As for the midterm project, please could each member of a subgroup submit a copy of their final project.


Some comments on choice of data and data analysis goals.


Methodology not covered in class. This class has focused on ARMA and POMP models, two related approaches to time domain analysis of time series. For example, we have not spent much time on frequency domain analysis of multivariate time series (Shumway and Stoffer, 3rd edition, Chapter 7). If you decide that alternative approaches are particularly relevant for your data analysis goal, you can use them in your project as a complementary approach to what we have covered in class. Eplaining and justifying an alternative approach can be a substantial component of the project.


Expectations for the report. The final report will be graded on the following categories, the same as for the midterm project.
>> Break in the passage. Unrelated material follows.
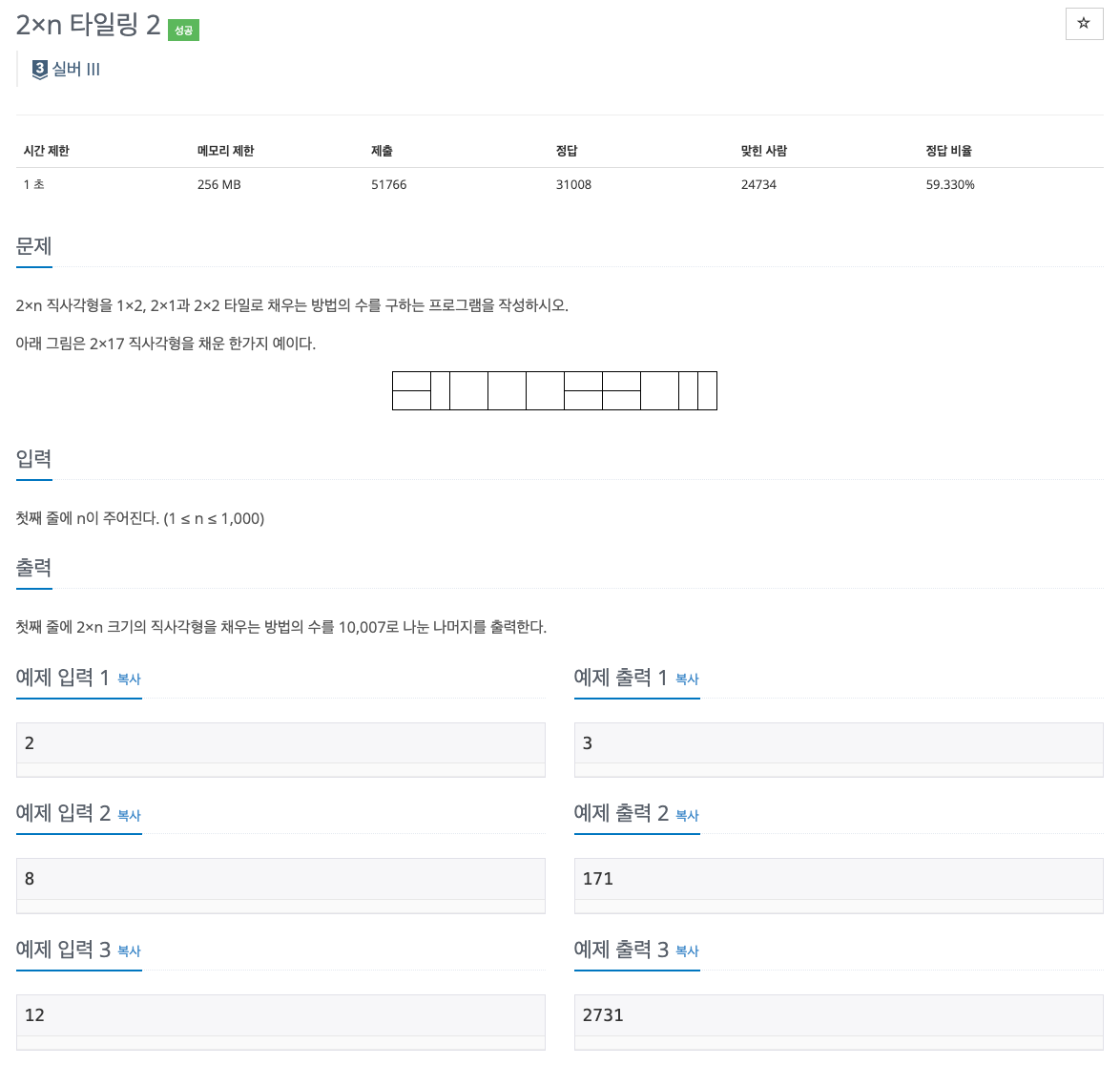 2×n 직사각형을 1×2, 2×1과 2×2 타일로 채우는 방법의 수를 구하는 프로그램을 작성하시오. 아래 그림은 2×17 직사각형을 채운 한가지 예이다.

Plagiarism. All sources are allowed. You can access any website and talk to any human about your project, as long as the interaction is properly credited. If material is taken directly from another source, that source must be cited and the copied material clearly attributed to the source, for example by the use of quotation marks. Failing to do this is plagiarism and will, at a minimum, result in zero credit for the scholarship category. For course projects, we should be even more careful with attributions than the high standards expected across academia. For example, any time you discuss your project with a classmate, or you use advice from Stack Overflow, you can add this to the acknowledgements section of your project.

Further discussion of plagiarism can be found in On Being a Scientist: A Guide to Responsible Conduct in Research: Third edition (2009), by The National Academies Press. Here is how the Rackham Academic and Professional Integrity Policy describes plagiarism:

11.2.2 Plagiarism

Includes:

Representing the words, ideas, or work of others as one’s own in writing or presentations, and failing to give full and proper credit to the original source.

Failing to properly acknowledge and cite language from another source, including paraphrased text.

Failing to properly cite any ideas, images, technical work, creative content, or other material taken from published or unpublished sources in any medium, including online material or oral presentations, and including the author’s own previous work.